06/08/2025
https://kinoculturemontreal.com/endless-land/
Review
By Élie Castiel
★★★★ The Gaze of Lazarus
Vassilis Mazomenos undoubtedly stands among those few Greek filmmakers who persist in forging a body of work defined by formal experimentation — fragmented, yet imbued with a nearly sacred solemnity, at times even provocative. Not to challenge the gaze, but rather to transform it into a visual weapon of change. Something that can illuminate our vision of the world and of things.
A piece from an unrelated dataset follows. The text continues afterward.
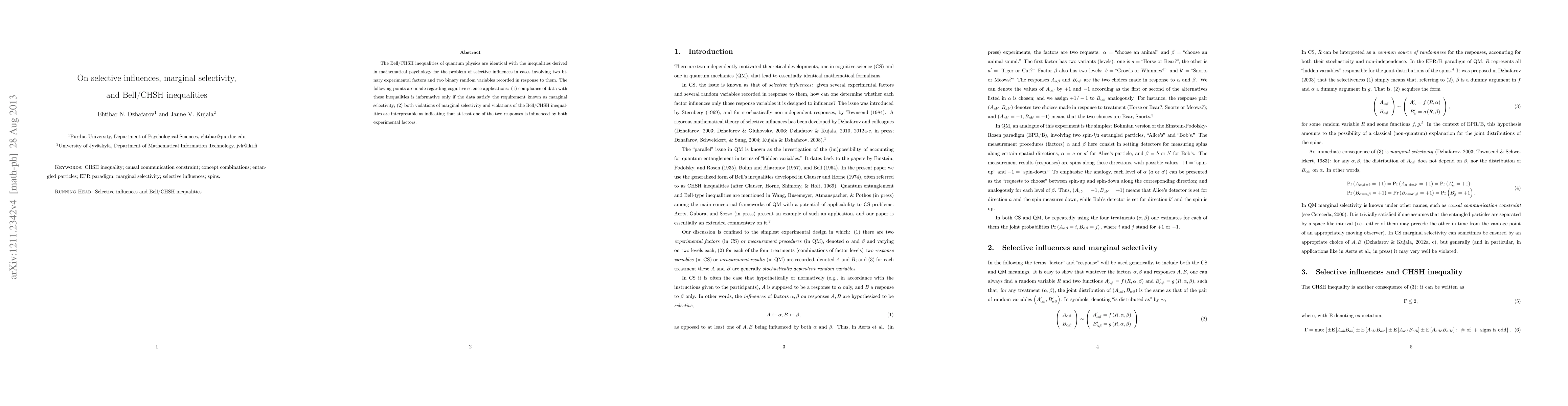 This research demonstrates that the Bell/CHSH inequalities from quantum physics parallel those derived in mathematical psychology for selective influences. It highlights that data compliance with these inequalities is meaningful only if marginal selectivity is met, and both its violation and the Bell/CHSH inequalities' violations suggest at least one response is influenced by both experimental factors.

Even more to his credit, he expresses this without ostentation; on the contrary, with a restraint that affirms his distinctiveness within Greek cinema — still little known internationally, despite many festival appearances over the past few decades. If, after the death of Theo Angelopoulos — that cinematic shaman of his era — Yorgos Lanthimos managed to rise to international fame through radical experimentation, even relocating abroad to continue his path, Mazomenos remains rooted in his origins, building his opus from within, against all odds. Hence his deep attachment to ancient Greece, that founding pillar of our modernity, now scorned by ongoing political and social turmoil.
The Death of Lazarus
Mazomenos has fallen in love with Epirus — a land that breathes ancient tragedy, the elemental signs of the human condition, the magic of place, and most of all, a present that tries to emerge in this immutable landscape, not through confrontation but through due respect. As in the film, Sky and Earth seem both enemies and bound by reverence.
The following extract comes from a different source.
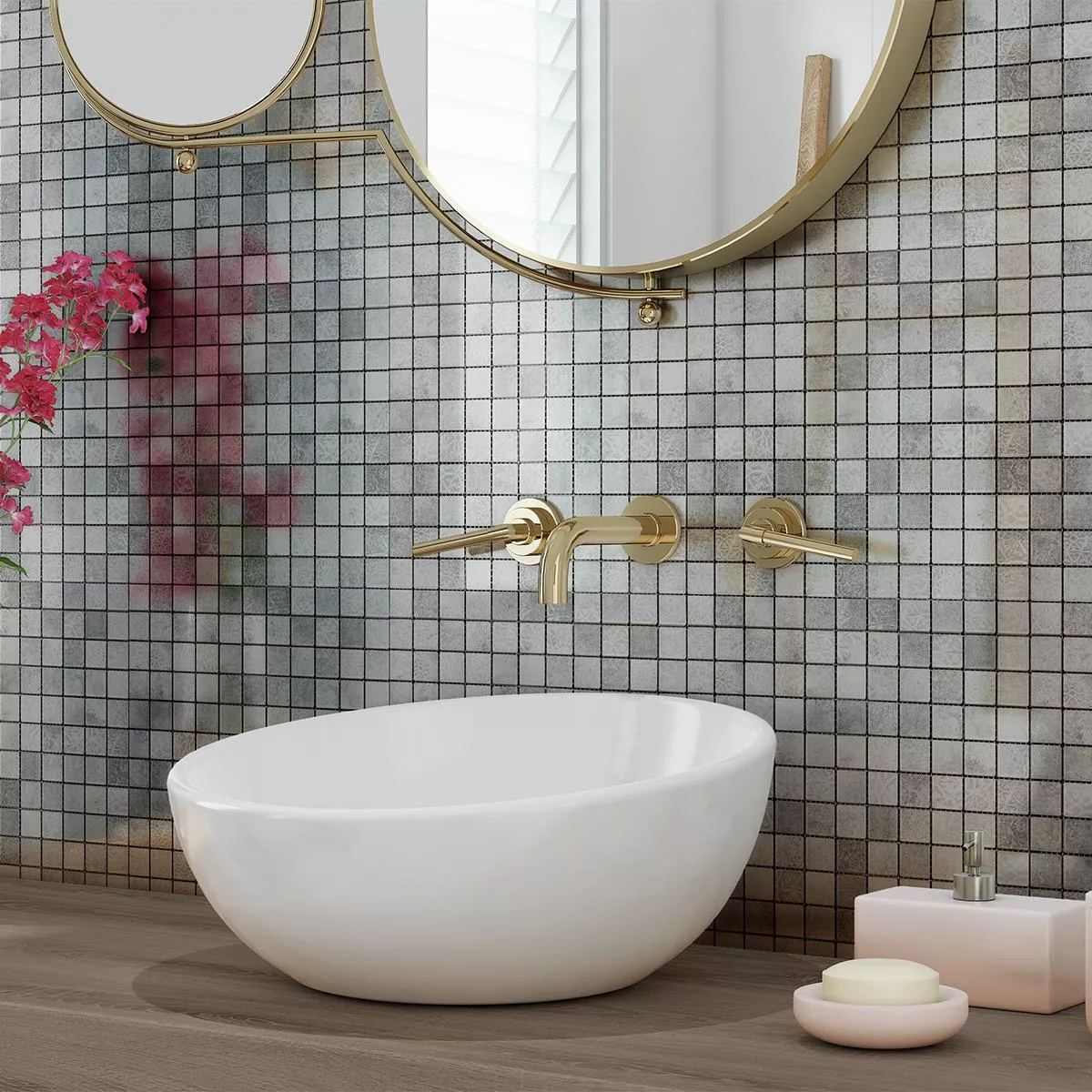 De keramische mozaïektegel Terraviva in elegant grijs geeft elke ruimte een moderne cementlook en brengt tegelijkertijd functionaliteit en stijl in uw kamers. De matte afwerking en het steenformaat van 23 x 23 mm zorgen voor een strakke en eigentijdse esthetiek. Met de praktische tegelmat van 29,7 x 29,7 cm, die al voor montage op een net is geplakt, is de montage op zowel muren als vloeren bijzonder eenvoudig en nauwkeurig.

There is something moral in his filmmaking. We’ve witnessed this in earlier works, like the powerful Purgatory (Kathartírio). This time, however, he offers a different film — one where the reference to Greek tragedy serves as fiction. In truth, he could just as well have shot a documentary. The women’s chorus, the central ritual tree, a simple white cloth serving as an offering — all these elements, hallmarks of Hellenic tradition, appear through Mazomenos’ gaze as if abandoned by modernity, and yet still ingrained in Greece’s foundational Europeanness. This is the very material of the film. Potent.
In the end, Endless Land — a title that embodies all the beauty, meaning, and allegory of a return to roots. Not physically or organically, but spiritually. So that memory, in the end, will not fade.
The film’s duration is itself a state of mind, a tool of resistance: no wasted shots, only the essential. And yet, so many ideas — reflecting the director’s idiosyncrasy, his uncompromising vision, and at the same time, his deep affection for the medium he never ceases to defend.
Like a Resurrection
The story? It hardly matters. It is present in the places, the variations, the dialogues marked by truth — even with their peculiar humor.
Unity of place, tone, and blurred timelines. Not a linear narrative, but a series of dialogued, felt tableaux that, while maintaining accessibility, render the work intense, markedly different from the director’s previous films. And all actors deeply invested in their belief in this project.
While paying homage to ancient Greece, Mazomenos also offers a discreet respect toward his country’s Orthodox Christianity — a choice that some might consider dubious, but which, carefully handled, reveals itself as juxtaposed with antiquity, precisely by situating it outside the sacred space. A white cross, stark and visible at the church entrance: a point of connection.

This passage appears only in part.